Once the pictures are set aside, reproduce the remaining data exactly.

> Supplied data
--- START ---

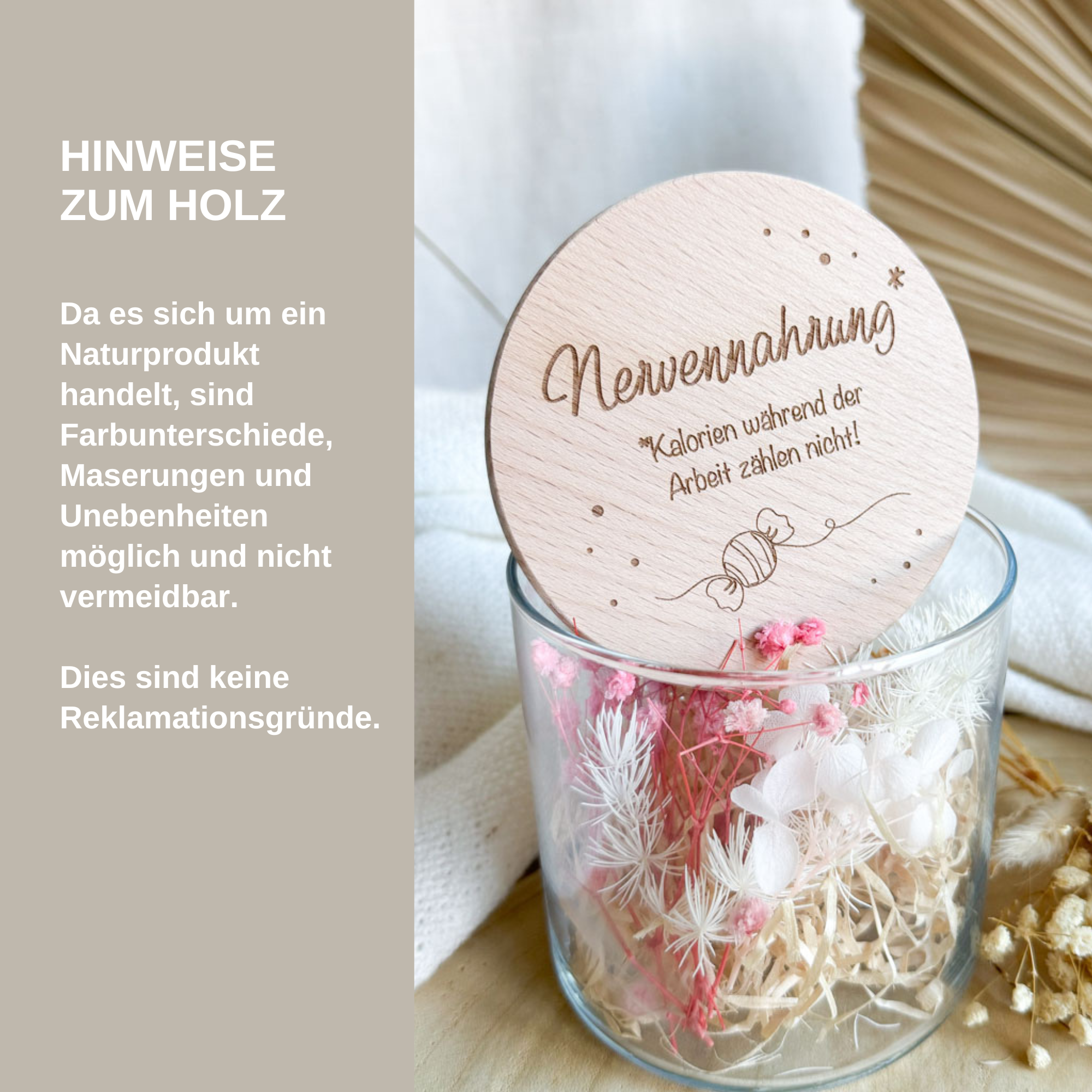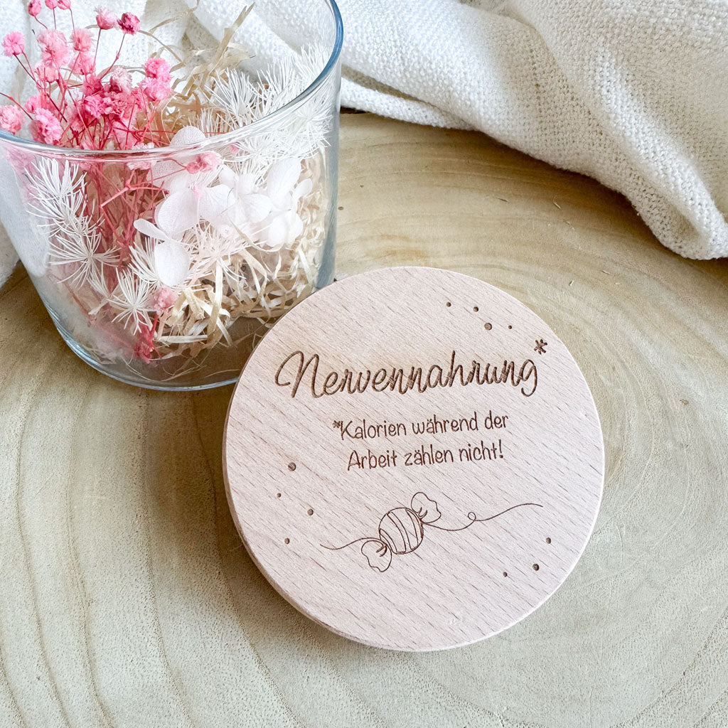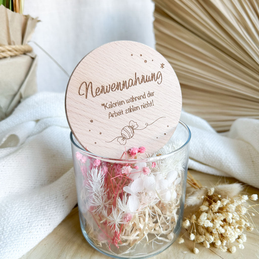 Manchmal braucht man einfach eine kleine Auszeit und ein bisschen Nervennahrung – genau dafür ist dieses Glas gemacht! Ob im Büro, im Homeoffice oder im Alltag – unser graviertes Vorratsglas mit dem liebevollen Spruch „Nervennahrung – Kalorien während der Arbeit zählen nicht!“ zaubert garantiert ein Lächeln aufs Gesicht.
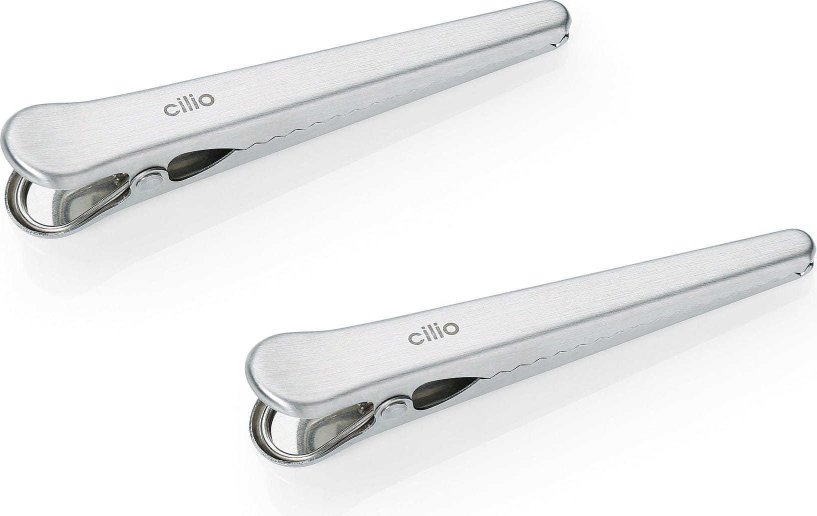 Zaščitite kavna zrna ali mleto kavo pred vlago in izgubo arome na eleganten način. S kompletom dveh sponk za kavne vrečke znamke cilio izberete funkcionalen dodatek, katerega minimalistična oblika se bo podala v vsako moderno kuhinjo. Zaradi robustne zasnove iz nerjavečega jekla sta ti dve sponki trajnostna alternativa krhkim plastičnim sponkama.
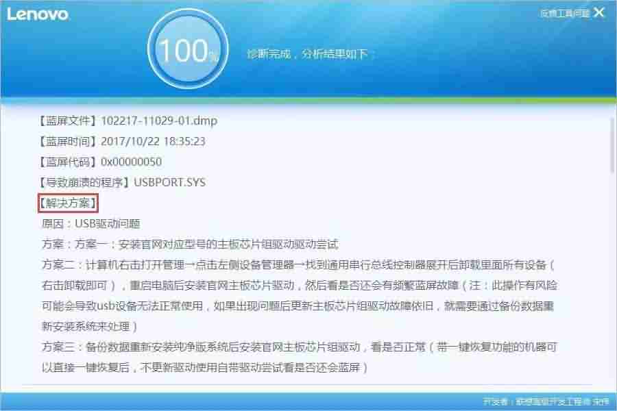 耐心等待诊断完成,就能看到【分析结果】和【解决方案】啦,并可以参照解决方案来治疗蓝屏啦。
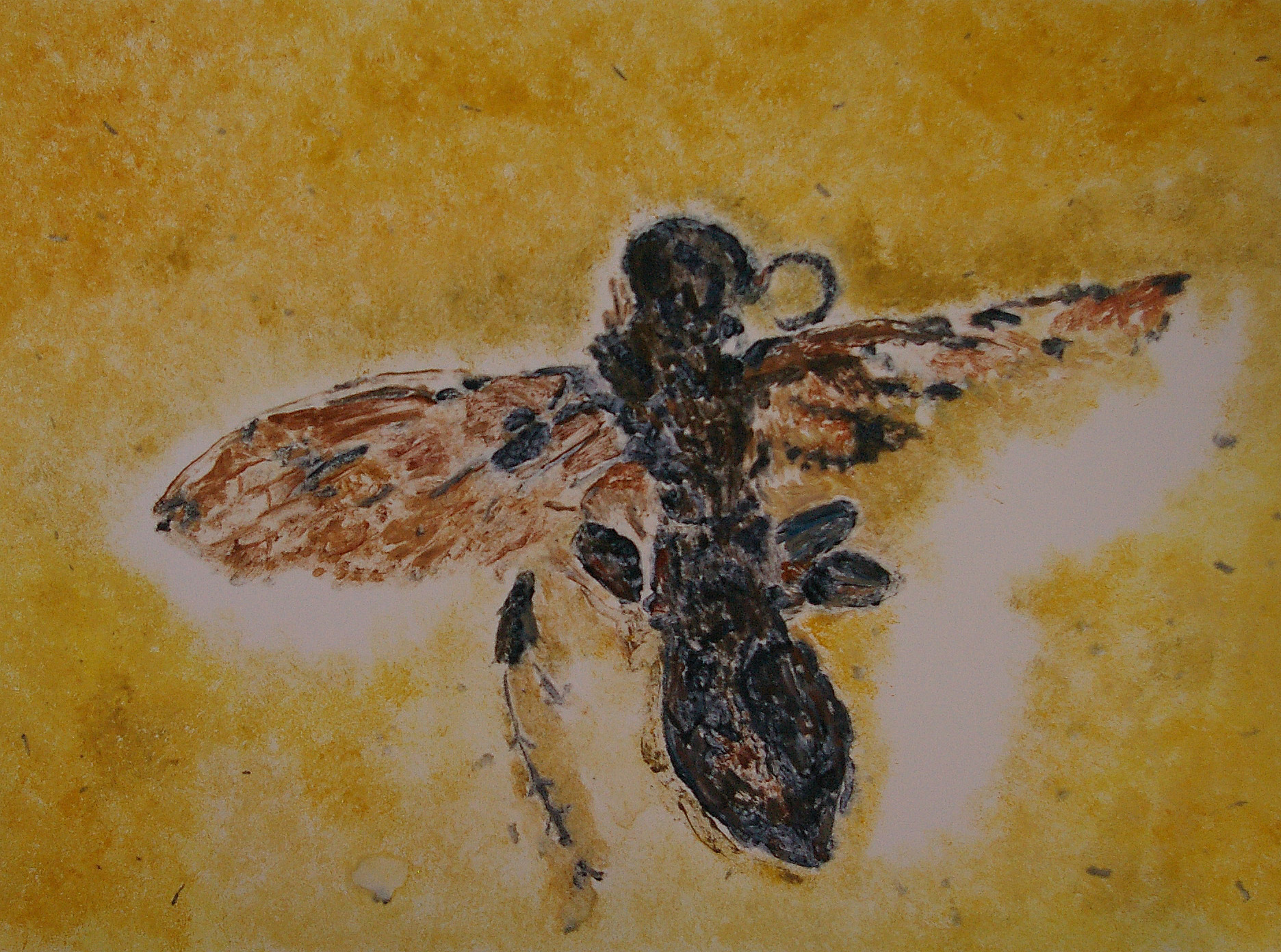 This is from a series of monoprints called Rock Paper Rock, which were created by mixing water soluble oil paint, painting it on plexiglass and printing the image on rag paper. The size is roughly 19 3/4 by 25 3/4 inches.

--- END ---

> Result of this exercise
 Manchmal braucht man einfach eine kleine Auszeit und ein bisschen Nervennahrung – genau dafür ist dieses Glas gemacht! Ob im Büro, im Homeoffice oder im Alltag – unser graviertes Vorratsglas mit dem liebevollen Spruch „Nervennahrung – Kalorien während der Arbeit zählen nicht!“ zaubert garantiert ein Lächeln aufs Gesicht.
 Zaščitite kavna zrna ali mleto kavo pred vlago in izgubo arome na eleganten način. S kompletom dveh sponk za kavne vrečke znamke cilio izberete funkcionalen dodatek, katerega minimalistična oblika se bo podala v vsako moderno kuhinjo. Zaradi robustne zasnove iz nerjavečega jekla sta ti dve sponki trajnostna alternativa krhkim plastičnim sponkama.
 耐心等待诊断完成,就能看到【分析结果】和【解决方案】啦,并可以参照解决方案来治疗蓝屏啦。
 This is from a series of monoprints called Rock Paper Rock, which were created by mixing water soluble oil paint, painting it on plexiglass and printing the image on rag paper. The size is roughly 19 3/4 by 25 3/4 inches.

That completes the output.